Occasionally, rather than chartering a jet on the commercial market, a campaign or a cause associated with a campaign – a so-called Political Action Committee or PAC – will draw on the generosity of an aircraft owner to donate flight hours. However, there are tight rules around such donations with the Federal Aviation Administration, Federal Election Commission, and the Internal Revenue Service all looking out for missteps.
There are FAA rules around what a FAR 91 carrier is permitted to do that most business aviation operators will be familiar with. Under these guidelines, the owner of an aircraft is allowed to provide air transport for guests, so long as no fee is paid. However, that can fall foul of federal election laws, which regards in-kind contributions the same as cash contributions, explains Nathan Pietila, an attorney with Aero Law Group.
Campaign finance laws regulate contributions to campaigns as well as expenditures by these campaigns. While in-kind contributions are permitted to a campaign, there is a $3,300 cap on donations by individuals to candidates for federal office, explains. Any value of a flight above that amount must be reimbursed to the aircraft’s owner even if the owner is not a charter carrier, says Pietila.
Another complication is that corporations themselves are banned from donating directly to candidates, so any campaign gift must be made by an individual. Campaigns and their donors often breach these regulations, he says. Every presidential campaign since 1992 has come under investigation by the FEC for improper aircraft use.

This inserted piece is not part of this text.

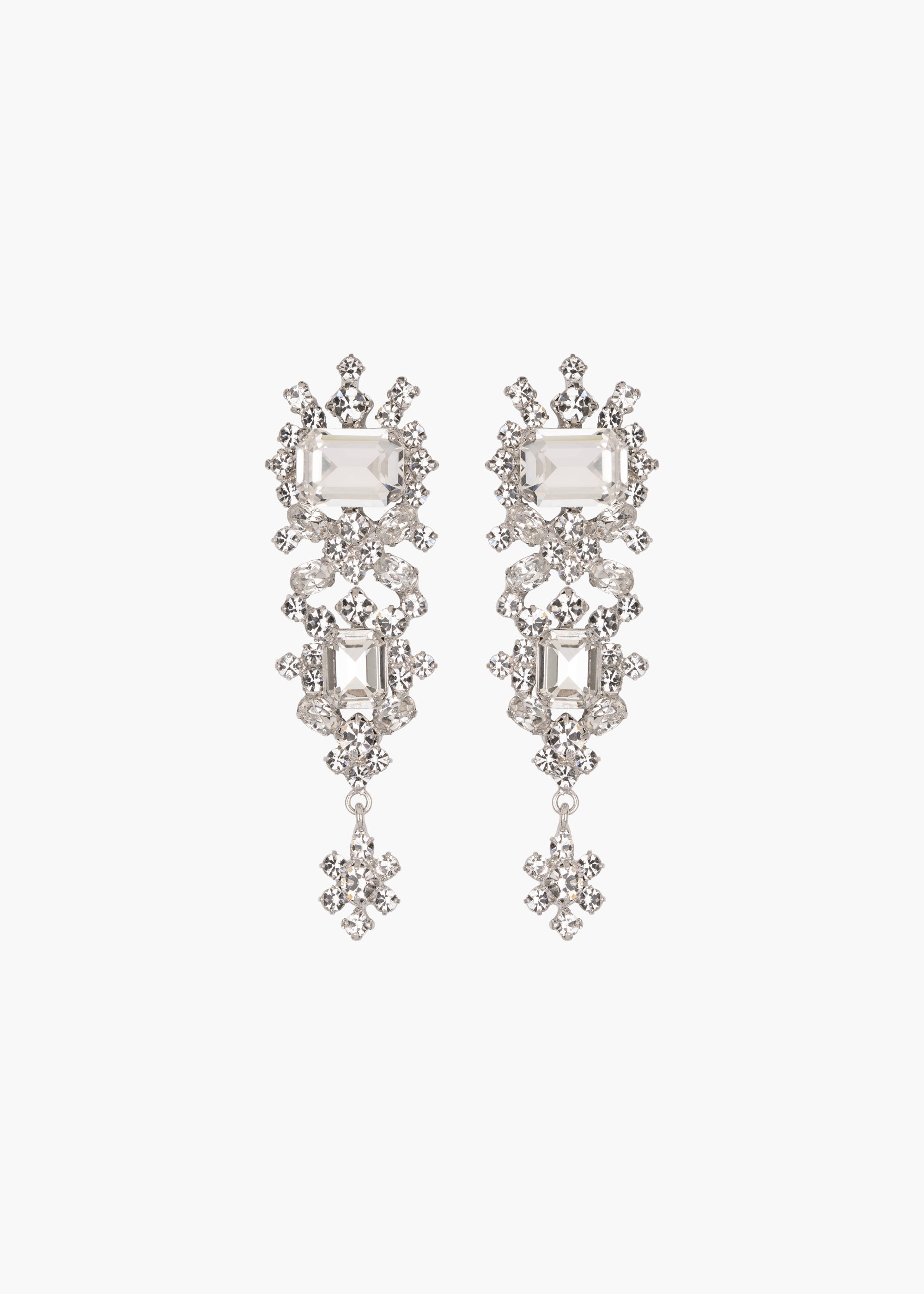 The Cadence Earrings are a royal-worthy statement for modern times. Made by hand in New York, these fine crystals go to statement-making lengths, with jagged edges drawing emphasis to the stunning emerald-cut stones. Their noteworthy sparkle is only enhanced by their graceful movement.

Another grey area when it comes to campaign transport is the issue of where official business stops and campaigning starts when it comes to serving presidents and vice-presidents. Often trips will overlap, such as when a president flies on Air Force One to an official event, but tags on a political stop. In some instances, the White House counsel’s office will step in to work out what percentage of the cost of a government flight should be recharged to a campaign.

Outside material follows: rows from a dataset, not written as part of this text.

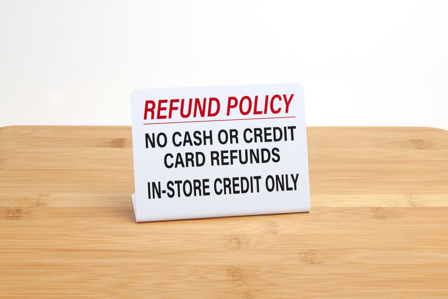Refund Policy Sign - In Store Credit Only are ideal for letting customers know your policy on returns. Signs clearly state that you only provide in-store credit, no cash or credit card refunds are provided. Signs are printed in an easy to read text. The L styling of these signs make them easy to display on counters.
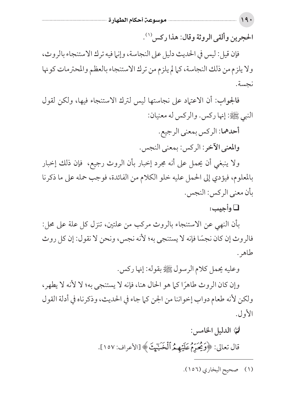 وإن كان الروث طاهرًا كما هو الحال هنا، فإنه لا يستنجى به؛ لا لأنه لا يطهر، ولكن لأنه طعام دواب إخواننا من الجن كما جاء في الحديث، وذكرناه في أدلة القول الأول.
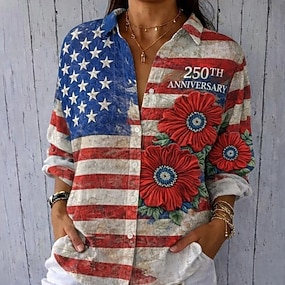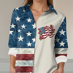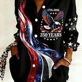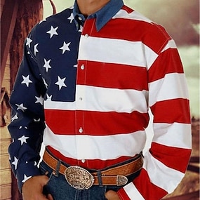 Férfi Július 4-én, az Egyesült Államok 250. évfordulóján Amerikai zászló Nyugati ing Gombos póló Cowboy ing Hosszú ujj Nyugati Napi Ősz & tél Térfogatcsökkenés Galléros ingek 3D nyomtatás Elülső zseb
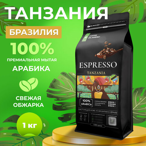 Кофе в зернах 1кг DE JANEIRO (ДЕ жанейро) ESPRESSO TANZANIA, 100% Арабика, в упаковке Zip-Lock, кофе зерновой
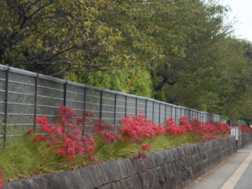 第二高校バス停の横にアセビの花が満開です。枝先に10cm程度の花序を垂らし、多くの白いつぼ状の花を咲かせています。一見地味ですが、一つ一つの花を観察すると10本のおしべなどを確認することができます。
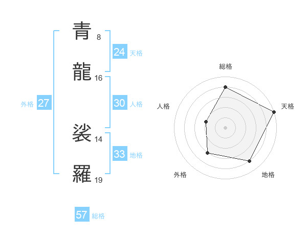 青龍 裟羅さんを姓名の画数から五運を鑑定

As in 2020 when Joe Biden stood as a former vice-president, both candidates in this presidential election will be used to flying on either Air Force One or Air Force Two, typically a modified 757 operated by the US Air Force as the vice-presidential transport.

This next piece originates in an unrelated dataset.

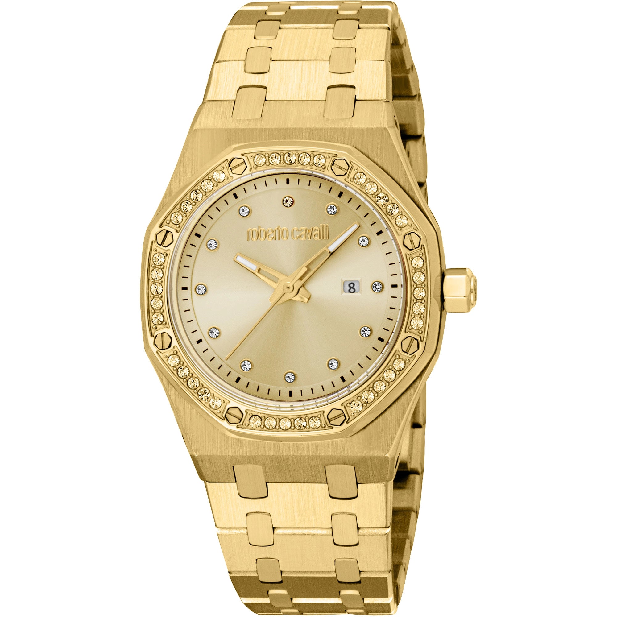 Discover the exquisite Roberto Cavalli Lady Watch (RC5L159M0055), a true statement of fashion and elegance for the modern woman. This stunning timepiece, from the SS2026 collection, boasts a luxurious yellow gold IP plated stainless steel case. The perfectly round 34mm case, with a slim 9mm thickness, sparkles with 40 dazzling zircons, creating an irresistible allure.

Air Force One, currently one of two Boeing 747-200s designated by the USAF as VC-25A, is arguably the most recognisable private jet in the world. Although Franklin D Roosevelt was the first president to set up a White House flight office, and Dwight Eisenhower the first to fly a jet – a Boeing 707 Stratoliner – on presidential business, John F Kennedy was the first to fly on a jet designed specifically for the office. That 707 was the first Air Force One as we know it.
The current aircraft – delivered in 1991 during the George H Bush administration – have been due for replacement for years. However, the VC-25B programme – a pair of heavily modified 747-8s – has shifted right several times. Back in 2018, when Boeing won the $3.9 billion contract, the aircraft were expected to enter service this December. First flight is now slated for 2026.
The delay – largely the result of Boeing having won the bid on a fixed-price contract, which precludes it from passing on costs that rose during the pandemic to the customer – is just one of multiple crises the troubled airframer has faced in the past five years.
However, we do at least know what the aircraft will look like, the livery having been selected by President Joe Biden in March last year after rejecting a colour scheme chosen by his predecessor that differed significantly from that on the current VC-25As. However, that could change again should Trump make a triumphant return to the White House in January.